*Exercise goal:* An exact copy of each line below is needed, with no images in it.

[Excerpts from a dataset]
===

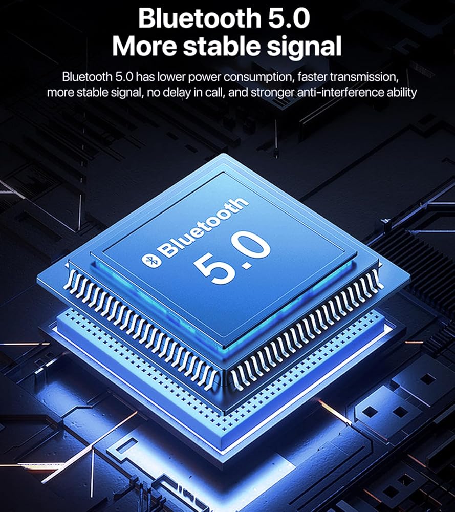 1: Adopt Bluetooth 5.0 chip, more power saving, low latency, no noise, realize stable and high quality audio transmission.
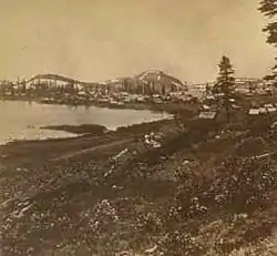 By late June, a 160-acre townsite was laid out by a surveyor hired by Virginia City promoters A. C. "Alex" Wightman and Charley Parker.[9][10] Summit City, as it was named, was a planned community with streets intersecting at right angles and named in lettered order in one direction and numerical order in the other, and a plaza at its heart.[11] By late summer, Summit City reportedly had 10 stores, five lumberyards, 10 hotels, five blacksmith shops, many, many bars, gambling houses, a brewery, a book and stationery store, a cigar store, a barbershop, a church, and a 10 piece brass band. An excursion vessel ferried revelers to four hurdy-gurdy houses (dance halls) at the lake's upper end.[12] Not satisfied with a private school, the citizens petitioned the Board of Supervisors to create a school district. Soon, the Board created the Altamont school district.[13] Summit City had more businesses than any other town in Nevada County except Nevada City and Grass Valley.[14] About 150 houses had been erected.[15] A stage ran daily to Virginia City and a tri-weekly Pony Express ran from Nevada City.[16] Tollroads spidered out from the town in various directions, including to the Henness Pass road, and to the Central Pacific Railroad in Cisco.[17] Prominent residents included Mark Twain's brother, lawyer Orion Clemens. The town had a court, presided over by Judge Jones, a jail, a marshal and several other lawyers.[18]
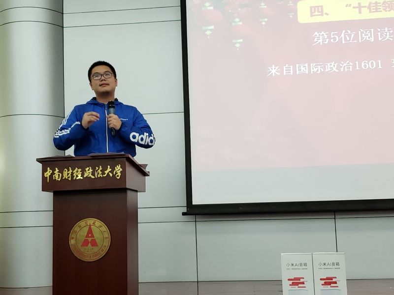颁奖典礼现场,邀请了7位获奖嘉宾作为“领读人”,为大家分享他们的阅读感悟和人生故事。本次“阅跑中南”21天阅读挑战赛冠军,来自哲学院国际政治1701班的闫畅同学在现场分享会上结合自己中学时期的阅读小故事,畅谈关于阅读、关于习惯、关于分享的点滴心得,他说:“读书固然重要,但也不能局限于书中,要多出去看看,不要忽视这种观察、这种思考,不能丧失自己的观察创造能力,要在这个分繁杂绕的世界学会成长。其次,21天,是养成一个习惯的最短周期,“阅跑中南”活动敦促我们每天读书,这个活动结束后,我依然会翻开书,静静的去找与自己共鸣的点,希望我、希望大家可以一直坚持下去。活动结束,阅读不止。”
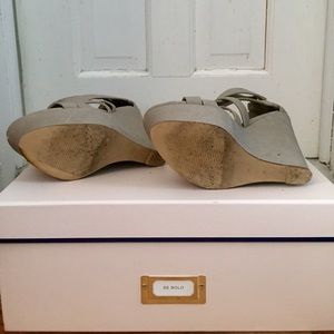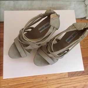 Awesome strappy platform heel from Steve Madden in a goes-with-everything tan. Love these and the 5" heel. Only worn a few times
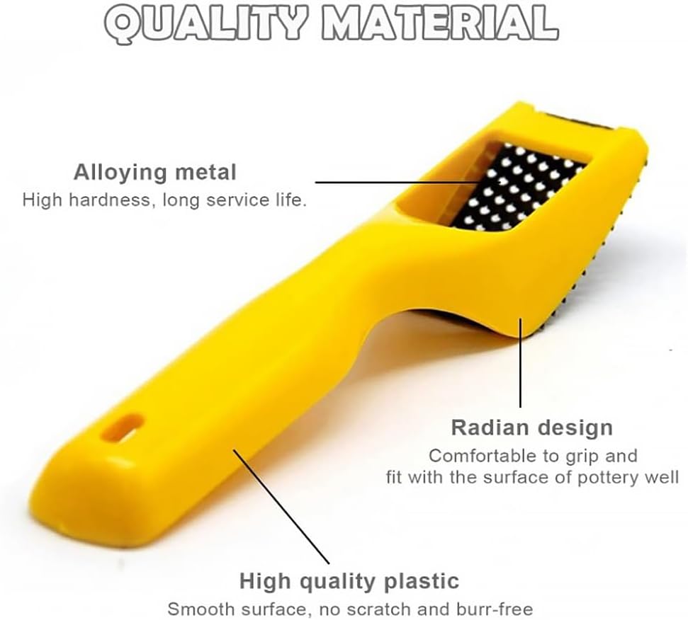 Ampio utilizzo: strumento versatile per modellare, tagliare e decorare argilla e ceramica, ideale per diradare lastre e riparare corpi in argilla. Manico ergonomico: impugnatura comoda per uso prolungato senza affaticare la mano, facile da pulire per garantire durata e prestazioni. Uso semplice: lama con denti piccoli che rimuovono facilmente l'argilla scorrendo avanti e indietro sulla superficie lavorata. Leggero e portatile: corpo in polipropilene compatto e resistente, facile da trasportare ovunque per i tuoi progetti artistici. Robusto e durevole: materiali premium garantiscono lunga durata e resistenza all'uso frequente, compagno affidabile per ceramisti.
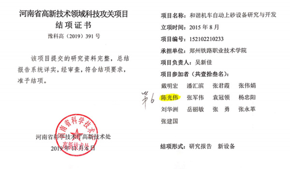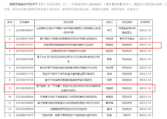 吴新佳立项省级科技攻关课题《保证和谐机车安全运行的自动上砂设备研究与制造》;宁广庆立项省级科技攻关课题《铁路抄平起拨道捣固车模拟操作实训平台的开发与研究》;冯雅珊立项省级科技攻关课题《β-磷酸三钙/胶原复合纤维涂层调控镁合金降解和生物活性的机制研究》;郭海伟立项省级科技攻关课题《轻质高吸波屏蔽隔热材料制备关键技术及应用》;毛胜辉立项省级科技攻关课题《基于MEMS的“可穿戴”铁路大机液压系统内泄非拆解探测关键技术研究》。
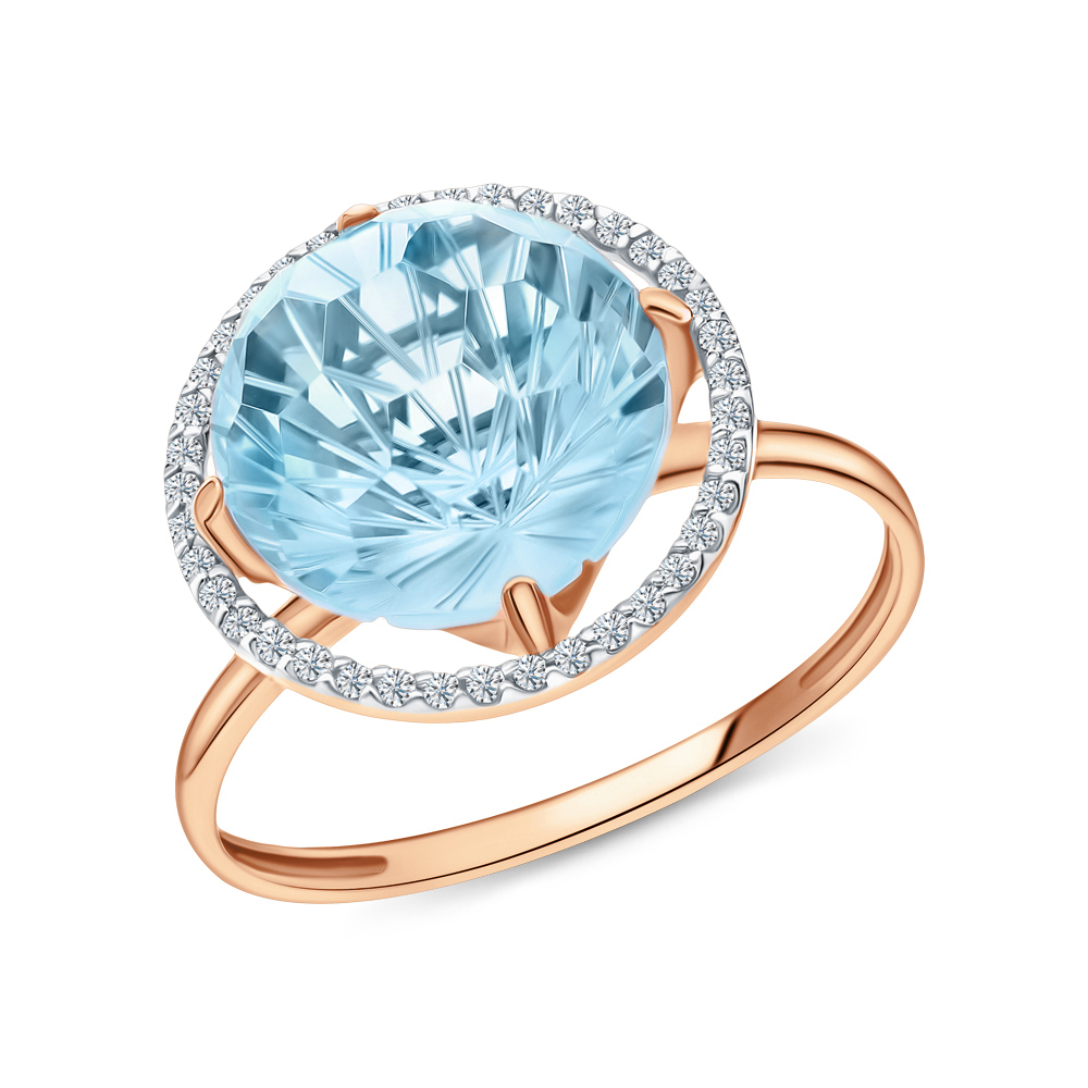 Элегантное кольцо из розового золота 585 пробы, которое обязательно привлечет внимание своим блеском и изысканным дизайном. В центре кольца расположен 1 топаз весом 4.419 карата, который обрамлен 38 бриллиантами общим весом 0.084 карата. Характеристики бриллиантов:

===

*Written response:*
 1: Adopt Bluetooth 5.0 chip, more power saving, low latency, no noise, realize stable and high quality audio transmission.
 By late June, a 160-acre townsite was laid out by a surveyor hired by Virginia City promoters A. C. "Alex" Wightman and Charley Parker.[9][10] Summit City, as it was named, was a planned community with streets intersecting at right angles and named in lettered order in one direction and numerical order in the other, and a plaza at its heart.[11] By late summer, Summit City reportedly had 10 stores, five lumberyards, 10 hotels, five blacksmith shops, many, many bars, gambling houses, a brewery, a book and stationery store, a cigar store, a barbershop, a church, and a 10 piece brass band. An excursion vessel ferried revelers to four hurdy-gurdy houses (dance halls) at the lake's upper end.[12] Not satisfied with a private school, the citizens petitioned the Board of Supervisors to create a school district. Soon, the Board created the Altamont school district.[13] Summit City had more businesses than any other town in Nevada County except Nevada City and Grass Valley.[14] About 150 houses had been erected.[15] A stage ran daily to Virginia City and a tri-weekly Pony Express ran from Nevada City.[16] Tollroads spidered out from the town in various directions, including to the Henness Pass road, and to the Central Pacific Railroad in Cisco.[17] Prominent residents included Mark Twain's brother, lawyer Orion Clemens. The town had a court, presided over by Judge Jones, a jail, a marshal and several other lawyers.[18]
颁奖典礼现场,邀请了7位获奖嘉宾作为“领读人”,为大家分享他们的阅读感悟和人生故事。本次“阅跑中南”21天阅读挑战赛冠军,来自哲学院国际政治1701班的闫畅同学在现场分享会上结合自己中学时期的阅读小故事,畅谈关于阅读、关于习惯、关于分享的点滴心得,他说:“读书固然重要,但也不能局限于书中,要多出去看看,不要忽视这种观察、这种思考,不能丧失自己的观察创造能力,要在这个分繁杂绕的世界学会成长。其次,21天,是养成一个习惯的最短周期,“阅跑中南”活动敦促我们每天读书,这个活动结束后,我依然会翻开书,静静的去找与自己共鸣的点,希望我、希望大家可以一直坚持下去。活动结束,阅读不止。”
 Awesome strappy platform heel from Steve Madden in a goes-with-everything tan. Love these and the 5" heel. Only worn a few times
 Ampio utilizzo: strumento versatile per modellare, tagliare e decorare argilla e ceramica, ideale per diradare lastre e riparare corpi in argilla. Manico ergonomico: impugnatura comoda per uso prolungato senza affaticare la mano, facile da pulire per garantire durata e prestazioni. Uso semplice: lama con denti piccoli che rimuovono facilmente l'argilla scorrendo avanti e indietro sulla superficie lavorata. Leggero e portatile: corpo in polipropilene compatto e resistente, facile da trasportare ovunque per i tuoi progetti artistici. Robusto e durevole: materiali premium garantiscono lunga durata e resistenza all'uso frequente, compagno affidabile per ceramisti.
 吴新佳立项省级科技攻关课题《保证和谐机车安全运行的自动上砂设备研究与制造》;宁广庆立项省级科技攻关课题《铁路抄平起拨道捣固车模拟操作实训平台的开发与研究》;冯雅珊立项省级科技攻关课题《β-磷酸三钙/胶原复合纤维涂层调控镁合金降解和生物活性的机制研究》;郭海伟立项省级科技攻关课题《轻质高吸波屏蔽隔热材料制备关键技术及应用》;毛胜辉立项省级科技攻关课题《基于MEMS的“可穿戴”铁路大机液压系统内泄非拆解探测关键技术研究》。
 Элегантное кольцо из розового золота 585 пробы, которое обязательно привлечет внимание своим блеском и изысканным дизайном. В центре кольца расположен 1 топаз весом 4.419 карата, который обрамлен 38 бриллиантами общим весом 0.084 карата. Характеристики бриллиантов:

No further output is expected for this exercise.